Joe passed away outside in the parking lot while they were getting on a helicopter for transport to a hospital equipped to do his surgery.
He had presented to the ED in terrible pain with lots of thrashing and writhing. His right hand was very cold. His right arm tingled to the point of hurting bad. The vision in his right eye was cloudy, and his hearing was muffled on the right. This was in addition to being very pale and diaphoretic upon admission. This is when I felt a dissecting aorta should have been suspected.
I don’t recall the vitals in the beginning, but they were changing and his blood pressure was dropping very fast. As soon as they finished the EKG-in the first 5 minutes of the visit, I asked the doctor about John Ritter's death [the actor died of a dissecting thoracic aneurysm in 2003]. First I asked if he could check for the condition that caused John Ritter's death. I called it an abdominal aortic aneurysm. The doc corrected me and said that it wasn’t an AAA it was a dissected aorta. I said OK, then check for that. This was 1 hour before the CT scan that led to his diagnosis.
After the conversation about the dissected aorta the doctor said they are going to check for a lot of things. I am getting pretty anxious at this point because Joe was in so much pain. I have never seen anything like it. The nurse walked in really slowly with a syringe and a paper cup. She went to the keyboard and starting asking him questions. Again...really slowly. I kept looking at that syringe wanting her to give him that shot. It turns out the shot was for nausea.
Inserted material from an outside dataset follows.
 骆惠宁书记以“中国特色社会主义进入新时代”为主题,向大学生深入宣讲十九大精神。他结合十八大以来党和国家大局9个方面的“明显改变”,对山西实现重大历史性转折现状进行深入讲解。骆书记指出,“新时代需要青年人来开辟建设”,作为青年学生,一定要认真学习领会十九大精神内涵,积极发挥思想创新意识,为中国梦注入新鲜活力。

Then she gave him the cup with Maalox and lidocaine and said that would let us know if it was heartburn or not. She said we had to wait about 5 minutes. Joe assured her that it was not heartburn. After about 15 minutes, I went to the nurses' station to ask for help. I said that I hated to be one of those kind of people that go to the nurses' station to ask for help, but we really needed it. I said please do something for his pain. The response was “The doctor is putting in an order now”. Then she told me that first they are going to take him for a chest x-ray. After x-ray he got his first dose of morphine. That was the end of the casual part of the visit.
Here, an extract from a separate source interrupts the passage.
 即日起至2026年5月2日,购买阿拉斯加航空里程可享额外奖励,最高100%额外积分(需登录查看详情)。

When the CXR came back there was a noticeable “flare” of the ascending aorta. Then we had to wait for the radiologist to call back and confirm. That ate up about another 20 minutes. Confirmation was made and CT scan was ordered and another dose of morphine was given because Joe couldn’t be still for the CT. Things went into full tilt at this point. Life flight was called; surgeons were contacted. We had to go to another hospital because they couldn’t crack a chest at the hospital where we were. I did not realize hospitals had these kind of limitations. Had I known, I would have taken him straight to our medical center.
He went into cardiac arrest as they put him in the helicopter. The doctor came out and started doing chest compressions. Common sense told me that chest compressions were not going to restart a heart with a tear in the aorta. I knew it was over at that point. The doc came to me and said they were going to take him back in and put a tube in to get him breathing. I knew he had bled to death and the tube was not going to do anything.
When he was recapping after Joe died, the doctor said to me that he had wanted to make sure this was not a lot of drama. I could tell that was his attitude from the get-go. Joe had every symptom of an aortic dissection. He may have had about a 30% chance of surviving the surgery, but they let the clock run out.
My husband was 54. We had two children late in life—my husband's only children.
I do blame misuse of the ED. As doctors, you have to sort out the motivations of every patient, not just the symptoms. Not to mention the people that use the ED as a regular doctor's office. I get irritated when patients complain that the ED doc wasn’t nice and compassionate when they went to the ER for pink eye. They don’t know if this doctor just had to tell a man's wife that her husband died of an aortic dissection. That can affect a doctor's mood.
I feel like I am doing something good for my husband by creating awareness for ED misuse and overuse. I think the doc was skeptical about Joe’s pain. ED docs see all kind of crazy stuff. They see the good, the bad, and the ugly. I believe a kind of “burn out” contributed to Joe’s death. There were 2 pink eye patients the night we were at the hospital. How can an ED doc not be burned out?